Al loro lavoro si deve gran parte del recente


"miracolo economico" pakistano; o
meglio, alla loro schiavitù, perché alla
modernità di molti prodotti fa da
contrastare una condizione di lavoro
servile che spesso assomiglia alla
schiavitù. L'economia pakistana è in
rapida e tumultuosa crescita, il reddito
annuo pro capite si aggira sui 460
dollari, con un tasso medio di aumento
del 3% l'anno. Però la gente comune
ha tratto sinora scarsi benefici da
questo "boom" economico: il 32% della
popolazione urbana e il 29% di quella
rurale vive sotto la soglia di povertà.
La mortalità infantile sotto i 5 anni è di 136 su mille. Con un tasso di analfabetismo del
62%, il paese è agli ultimi posti tra quelli dell'Asia meridionale; la metà circa dei bambini
abbandona la scuola sin dalle prime classi elementari, mentre il 21% dei ragazzini e la
metà circa delle bambine non vengono neppure iscritti. Ma nella complessa realtà del
Pakistan l'aspetto forse più drammatico è proprio quello del lavoro minorile, venuto alla
ribalta tre anni fa, il 16 aprile del 1995, in seguito all'assassinio del piccolo Iqbal Masiq,
che aveva osato ribellarsi alla sua condizione di semi-schiavitù come tessitore di tappeti
e denunciare chi lo sfruttava.

Una vicenda che ha richiamato l'attenzione


dell'opinione pubblica mondiale sui
temi del lavoro minorile, non solo
in Pakistan. Per combattere questo
sfruttamento l'UNICEF, insieme a
varie organizzazioni non
governative pakistane, si muove su
un duplice terreno: da una parte
strumenti di controllo e di
pressione sulle ditte produttrici, per
contrastare l'impiego di minori,
dall'altra programmi scolastici e di
formazione professionale. Si cerca
di creare una "alleanza dei
produttori" contro lo sfruttamento,
che mobiliti sindacati e associazioni
imprenditoriali, per offrire ai bambini e alle loro famiglie alternative concrete. Tra i
progetti in corso alcuni fra i più importanti vengono attuati nelle zone industriali ad alta
intensità di lavoro minorile - soprattutto l'area di Sialkot - dove vengono prodotti i palloni
di cuoio, cuciti a mano per lo più da bambini, per conto delle principali ditte di articoli
sportivi del mondo. Si punta a garantire ai ragazzi possibilità di istruzione e formazione
professionale, compensando con incentivi, o con posti di lavoro per altri membri adulti
della famiglia, la perdita economica conseguente al mancato guadagno dei ragazzi.

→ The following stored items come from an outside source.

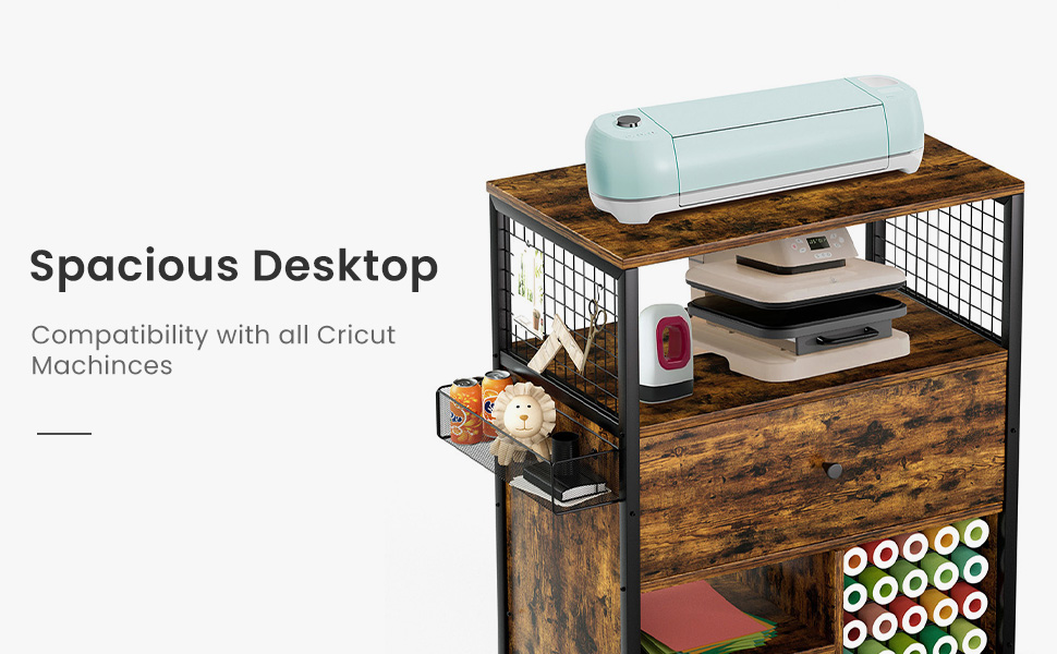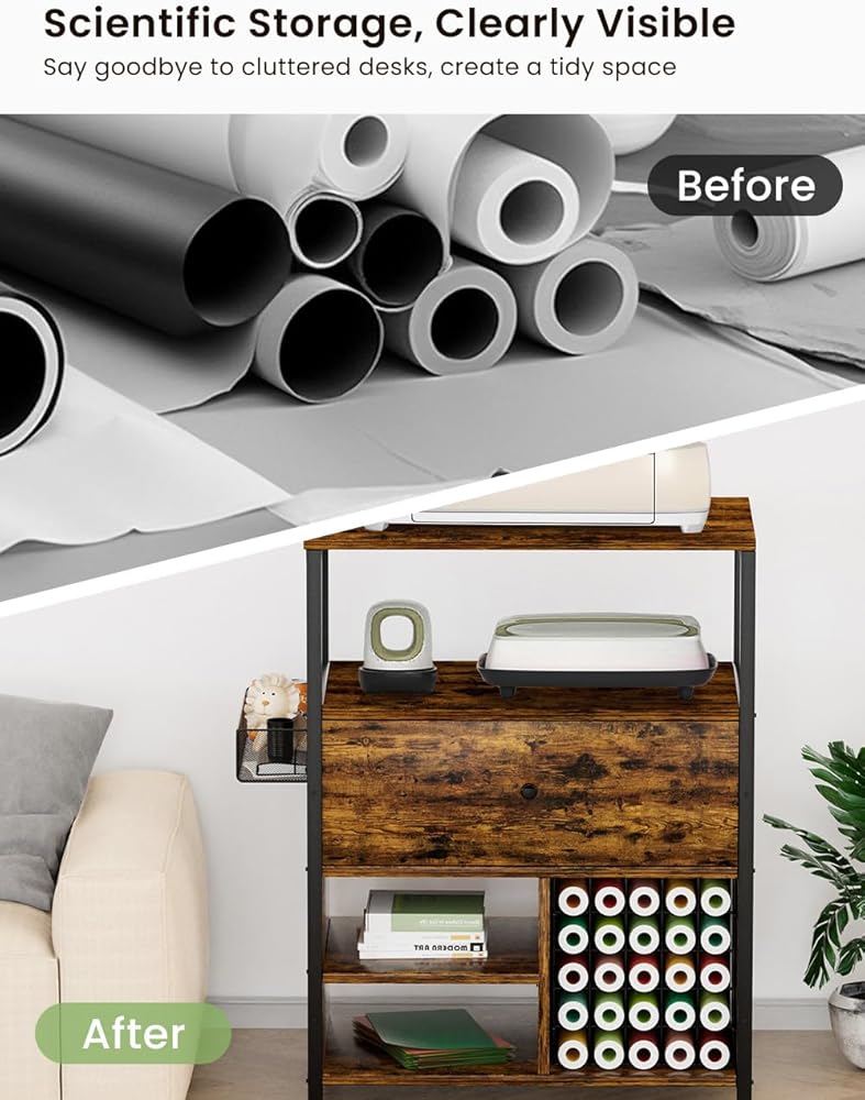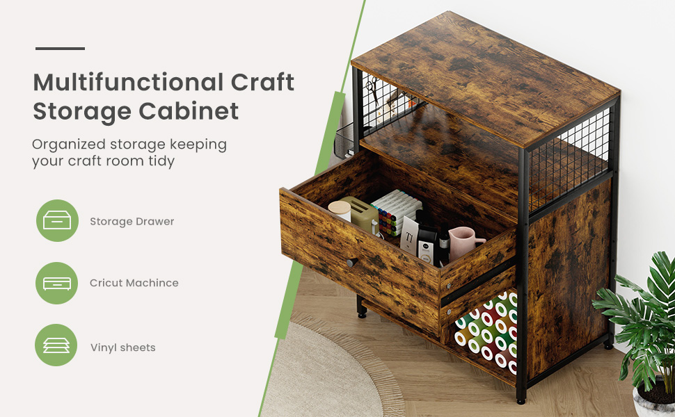 【Versatile Storage Solutions】This craft storage cabinet features two platforms and a drawer for placing items of various sizes. The side hanging basket and grid board are ideal for small item storage. The bottom of the cabinet includes dual-layer partitions and a vinyl roll storage area that can hold 25 rolls. Its versatile design allows for neat storage of both large and small tools, ideal for craft enthusiasts.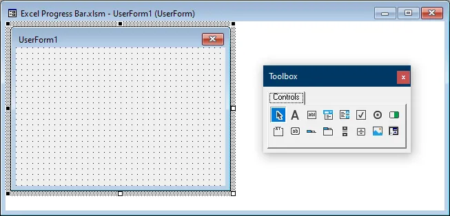 This presents us with a blank, generic UserForm which acts as a canvas for our imagination’s unlimited creativity.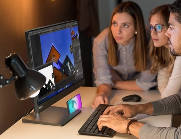 Яскравий 23.8-дюймовий FHD-дисплей із опційним сенсорним інтерфейсом має вражаюче співвідношення сторін 16:9 і широкі кути огляду. Велике співвідношення площі екрану до корпусу у 88.6% і майже безрамкові панелі створюють елегантне, але професійне враження, завдяки чому ThinkCentre Neo 50a виділятиметься в будь-якому офісі. А завдяки динамікам Harman він також відтворює чудовий звук.

In altre zone del Pakistan vengono realizzati progetti integrati rivolti ai bambini e alle bambine
sfruttati nell'economia sommersa e nei settori non industriali. Un esempio è il
programma di "educazione informale" che viene attuato nella periferia di Karachi sin dal
1991, riuscendo a garantire un minimo di istruzione anche e soprattutto alle bambine
lavoratrici, relegate ai margini del processo di sviluppo. Ma rimane fondamentale la
promozione di uno sviluppo economico e sociale più equilibrato, che non costringa le
famiglie povere a vendere la loro unica risorsa, il lavoro dei propri figli.